This addresses a key limitation in federated clustering for privacy-protected distributed data, though it is an incremental improvement over existing methods.

The paper tackles the problem of unknown and imbalanced cluster numbers in federated clustering by proposing Fed-$k^*$-HC, a framework that automatically determines the optimal number of clusters using hierarchical clustering, achieving accurate results in experiments on diverse datasets.
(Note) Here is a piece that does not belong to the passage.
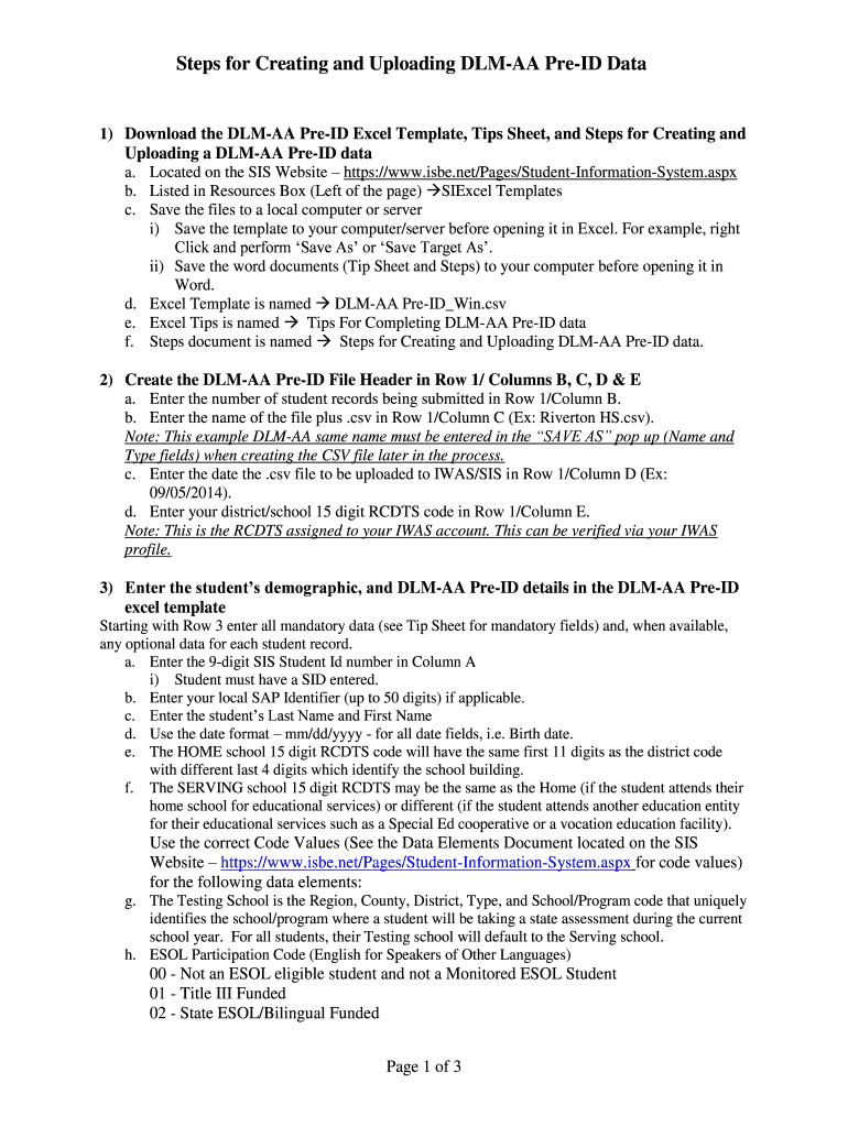 Steps for Creating and Uploading DLM AA Reid Data 1) Download the DLM AA Reid Excel Template, Tips Sheet, and Steps for Creating and Uploading a DLM AA Reid data a. Located on the SIS Website https://www.isbe.net/Pages/StudentInformationSystem.aspx

Federated Clustering (FC) is an emerging and promising solution in exploring data distribution patterns from distributed and privacy-protected data in an unsupervised manner. Existing FC methods implicitly rely on the assumption that clients are with a known number of uniformly sized clusters. However, the true number of clusters is typically unknown, and cluster sizes are naturally imbalanced in real scenarios. Furthermore, the privacy-preserving transmission constraints in federated learning inevitably reduce usable information, making the development of robust and accurate FC extremely challenging. Accordingly, we propose a novel FC framework named Fed-$k^*$-HC, which can automatically determine an optimal number of clusters $k^*$ based on the data distribution explored through hierarchical clustering. To obtain the global data distribution for $k^*$ determination, we let each client generate micro-subclusters. Their prototypes are then uploaded to the server for hierarchical merging. The density-based merging design allows exploring clusters of varying sizes and shapes, and the progressive merging process can self-terminate according to the neighboring relationships among the prototypes to determine $k^*$. Extensive experiments on diverse datasets demonstrate the FC capability of the proposed Fed-$k^*$-HC in accurately exploring a proper number of clusters.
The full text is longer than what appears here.